Spectrophotometry is a widely used technique in science for measuring how much light a chemical solution absorbs. This measurement is a key step in determining the concentration of a substance, such as a protein, DNA, or a colored compound, within a sample. The terms “Absorbance” (A) and “Optical Density” (OD) are frequently used, often interchangeably, leading to confusion about their exact relationship. While related, they describe slightly different phenomena of light interaction with matter.
Understanding Absorbance and Light Transmission
Measuring light interaction begins by shining a beam of monochromatic light, which is light of a single, specified wavelength, through a sample. When this incident light passes into the solution, some of its energy is taken up by the molecules of the substance. The light that successfully exits the sample is called transmitted light. Absorbance is a measure of the light that is held back or “trapped” by the sample, derived from the ratio of the incident light to the transmitted light. Transmittance (T) is the opposite, representing the fraction of light that passes through the sample. Absorbance and Transmittance are related through a logarithmic function: A = log(incident light / transmitted light). Since it is a ratio of light intensities, Absorbance is a unitless quantity, often reported as “Absorbance Units” (AU).
The Mathematical Relationship: The Beer-Lambert Law
The fundamental calculation connecting the measured Absorbance to the properties of the solution is known as the Beer-Lambert Law. This law establishes a direct, linear relationship between the concentration of a compound and the light absorbed by the sample.
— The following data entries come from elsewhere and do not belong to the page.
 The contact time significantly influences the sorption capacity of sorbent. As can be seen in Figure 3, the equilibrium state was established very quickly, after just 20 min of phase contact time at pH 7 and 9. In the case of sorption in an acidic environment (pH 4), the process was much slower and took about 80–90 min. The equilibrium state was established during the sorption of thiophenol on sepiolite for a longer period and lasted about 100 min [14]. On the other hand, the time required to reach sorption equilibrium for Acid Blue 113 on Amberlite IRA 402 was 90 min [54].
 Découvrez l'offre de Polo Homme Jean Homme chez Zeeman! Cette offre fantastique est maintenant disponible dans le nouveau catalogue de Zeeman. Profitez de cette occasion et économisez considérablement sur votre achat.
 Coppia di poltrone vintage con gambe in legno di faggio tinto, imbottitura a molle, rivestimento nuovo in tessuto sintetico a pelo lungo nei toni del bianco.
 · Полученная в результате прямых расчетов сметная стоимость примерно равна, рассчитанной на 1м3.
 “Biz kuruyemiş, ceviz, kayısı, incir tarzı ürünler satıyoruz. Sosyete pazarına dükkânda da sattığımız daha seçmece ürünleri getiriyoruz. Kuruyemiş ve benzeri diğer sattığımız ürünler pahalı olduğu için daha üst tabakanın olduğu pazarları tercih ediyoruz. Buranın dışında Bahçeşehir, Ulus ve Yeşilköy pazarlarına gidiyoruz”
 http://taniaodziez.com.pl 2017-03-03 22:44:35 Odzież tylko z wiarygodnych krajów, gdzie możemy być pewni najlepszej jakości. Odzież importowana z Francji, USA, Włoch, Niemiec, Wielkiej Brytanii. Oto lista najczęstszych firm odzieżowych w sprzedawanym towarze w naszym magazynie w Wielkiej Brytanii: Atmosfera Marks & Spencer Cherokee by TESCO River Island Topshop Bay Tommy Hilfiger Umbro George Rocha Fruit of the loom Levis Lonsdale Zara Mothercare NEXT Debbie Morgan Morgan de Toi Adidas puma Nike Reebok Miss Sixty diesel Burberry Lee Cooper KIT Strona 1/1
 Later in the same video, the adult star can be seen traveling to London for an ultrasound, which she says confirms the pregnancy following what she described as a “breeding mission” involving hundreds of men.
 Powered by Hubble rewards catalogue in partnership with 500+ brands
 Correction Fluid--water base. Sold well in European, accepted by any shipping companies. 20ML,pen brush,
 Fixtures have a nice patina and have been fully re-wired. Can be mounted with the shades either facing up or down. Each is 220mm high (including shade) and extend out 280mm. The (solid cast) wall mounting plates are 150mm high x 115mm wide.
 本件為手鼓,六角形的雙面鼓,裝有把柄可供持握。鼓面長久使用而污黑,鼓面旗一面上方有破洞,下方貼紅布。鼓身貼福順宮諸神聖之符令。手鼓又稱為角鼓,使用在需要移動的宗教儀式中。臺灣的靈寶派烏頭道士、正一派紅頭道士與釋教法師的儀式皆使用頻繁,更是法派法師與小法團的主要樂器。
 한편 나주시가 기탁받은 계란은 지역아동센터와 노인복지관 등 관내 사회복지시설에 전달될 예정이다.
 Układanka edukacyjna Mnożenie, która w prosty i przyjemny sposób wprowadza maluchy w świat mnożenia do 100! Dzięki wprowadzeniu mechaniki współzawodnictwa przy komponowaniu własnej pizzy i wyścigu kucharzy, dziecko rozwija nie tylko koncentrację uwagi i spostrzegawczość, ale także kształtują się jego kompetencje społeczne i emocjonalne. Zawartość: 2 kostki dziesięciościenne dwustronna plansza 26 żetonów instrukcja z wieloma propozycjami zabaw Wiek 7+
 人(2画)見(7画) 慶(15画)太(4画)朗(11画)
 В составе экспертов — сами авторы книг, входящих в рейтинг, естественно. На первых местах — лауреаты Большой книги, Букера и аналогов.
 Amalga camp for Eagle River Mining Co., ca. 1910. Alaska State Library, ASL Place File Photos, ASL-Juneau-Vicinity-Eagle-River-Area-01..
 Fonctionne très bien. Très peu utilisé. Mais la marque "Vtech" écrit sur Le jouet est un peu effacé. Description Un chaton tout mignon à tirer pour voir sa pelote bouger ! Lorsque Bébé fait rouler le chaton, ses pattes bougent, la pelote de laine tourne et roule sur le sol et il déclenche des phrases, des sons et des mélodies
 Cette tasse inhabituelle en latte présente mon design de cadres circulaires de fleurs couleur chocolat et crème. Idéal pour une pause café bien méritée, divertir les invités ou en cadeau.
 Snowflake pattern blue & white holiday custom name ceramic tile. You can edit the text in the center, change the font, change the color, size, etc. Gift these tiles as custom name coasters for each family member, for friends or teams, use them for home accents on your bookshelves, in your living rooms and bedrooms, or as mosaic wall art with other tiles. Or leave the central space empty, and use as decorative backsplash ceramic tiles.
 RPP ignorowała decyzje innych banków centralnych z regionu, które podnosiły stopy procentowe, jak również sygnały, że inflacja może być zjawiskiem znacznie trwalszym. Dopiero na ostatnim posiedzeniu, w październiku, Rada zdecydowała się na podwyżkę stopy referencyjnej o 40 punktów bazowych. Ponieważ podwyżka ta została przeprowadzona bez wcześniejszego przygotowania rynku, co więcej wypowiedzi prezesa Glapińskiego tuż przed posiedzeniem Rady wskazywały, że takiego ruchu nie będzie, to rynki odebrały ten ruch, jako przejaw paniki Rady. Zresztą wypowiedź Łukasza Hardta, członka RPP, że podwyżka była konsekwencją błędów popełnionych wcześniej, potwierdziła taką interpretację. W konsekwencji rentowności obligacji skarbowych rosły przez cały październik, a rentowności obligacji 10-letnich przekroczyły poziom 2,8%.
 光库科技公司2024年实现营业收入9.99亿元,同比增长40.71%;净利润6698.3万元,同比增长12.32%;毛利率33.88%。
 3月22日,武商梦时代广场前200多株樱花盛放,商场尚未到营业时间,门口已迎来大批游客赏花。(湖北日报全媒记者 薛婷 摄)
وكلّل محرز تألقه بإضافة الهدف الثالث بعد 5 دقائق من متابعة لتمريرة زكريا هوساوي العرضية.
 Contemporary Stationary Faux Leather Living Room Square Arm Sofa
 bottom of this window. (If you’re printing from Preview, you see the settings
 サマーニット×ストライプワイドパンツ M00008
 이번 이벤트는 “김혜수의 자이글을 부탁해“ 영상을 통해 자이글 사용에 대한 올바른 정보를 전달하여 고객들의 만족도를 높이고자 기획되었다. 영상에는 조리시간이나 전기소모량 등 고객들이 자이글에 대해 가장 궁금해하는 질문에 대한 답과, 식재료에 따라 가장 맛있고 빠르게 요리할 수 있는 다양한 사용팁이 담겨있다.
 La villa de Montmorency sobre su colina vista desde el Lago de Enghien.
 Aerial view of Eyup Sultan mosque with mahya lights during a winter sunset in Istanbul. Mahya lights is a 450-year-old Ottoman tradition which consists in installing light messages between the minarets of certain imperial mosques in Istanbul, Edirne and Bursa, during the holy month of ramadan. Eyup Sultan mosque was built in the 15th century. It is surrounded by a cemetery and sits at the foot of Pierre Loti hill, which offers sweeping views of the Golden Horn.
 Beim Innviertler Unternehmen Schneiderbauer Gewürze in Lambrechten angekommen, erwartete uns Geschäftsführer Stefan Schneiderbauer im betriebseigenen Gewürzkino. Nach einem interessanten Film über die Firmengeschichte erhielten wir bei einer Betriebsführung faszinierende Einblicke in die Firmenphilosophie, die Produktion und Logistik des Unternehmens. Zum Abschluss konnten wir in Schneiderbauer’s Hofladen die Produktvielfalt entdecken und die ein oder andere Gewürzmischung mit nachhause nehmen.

The mathematical expression of this principle is A = E l c, where A is the measured Absorbance value. E (molar absorptivity or extinction coefficient) is a constant specific to the absorbing substance at a particular wavelength, quantifying how strongly a substance absorbs light. The path length, l, is the distance the light travels through the sample, which is determined by the size of the cuvette, and is usually 1 centimeter in standard laboratory settings. The concentration of the absorbing species in the solution is represented by c, which is typically measured in moles per liter. This relationship demonstrates that if the path length and the extinction coefficient are kept constant, any increase in the sample’s concentration will result in a proportional increase in the measured Absorbance. This linear relationship is the basis for using spectrophotometry to quantify unknown concentrations of a substance.
Practical Steps for Measurement and Calculation
The practical calculation of Absorbance begins with the use of a spectrophotometer, which is the instrument used to collect the necessary light intensity data. The first step is to select the optimal wavelength, which is the specific wavelength where the substance absorbs light most strongly, providing the most sensitive measurement. Before measuring the sample, the instrument must be “zeroed” or “blanked” using a control solution that contains everything in the sample except the substance being measured. This blanking step corrects for any background absorption from the solvent or the cuvette itself by setting the Absorbance of the control solution to zero. After this preparation, the instrument directly reports the Absorbance value (A). Once this raw Absorbance value is obtained, calculating the sample’s concentration (c) is a straightforward process of rearranging the Beer-Lambert equation: c = A / (E l).
The Specific Use of Optical Density in Biological Systems
While Absorbance is the technically precise term for the light energy chemically taken up by a molecule, Optical Density (OD) is often used in a broader, more practical sense, especially in biological research. Optical Density specifically refers to the overall attenuation of light as it passes through a medium, which includes both true absorption and the effect of light scattering. Light scattering occurs when light rays hit particles larger than the light’s wavelength, such as cells or cellular debris, causing the light to deflect away from the detector. This broader definition explains why scientists measure the density of bacterial or yeast cultures using \(OD_{600}\). At the 600 nanometer wavelength, the bacterial cells in the liquid culture do not significantly absorb the light. Instead, the suspended cells scatter the light, and the resulting OD value reflects the turbidity, or cloudiness, of the culture. A higher \(OD_{600}\) reading indicates a greater number of cells, allowing researchers to monitor cell growth.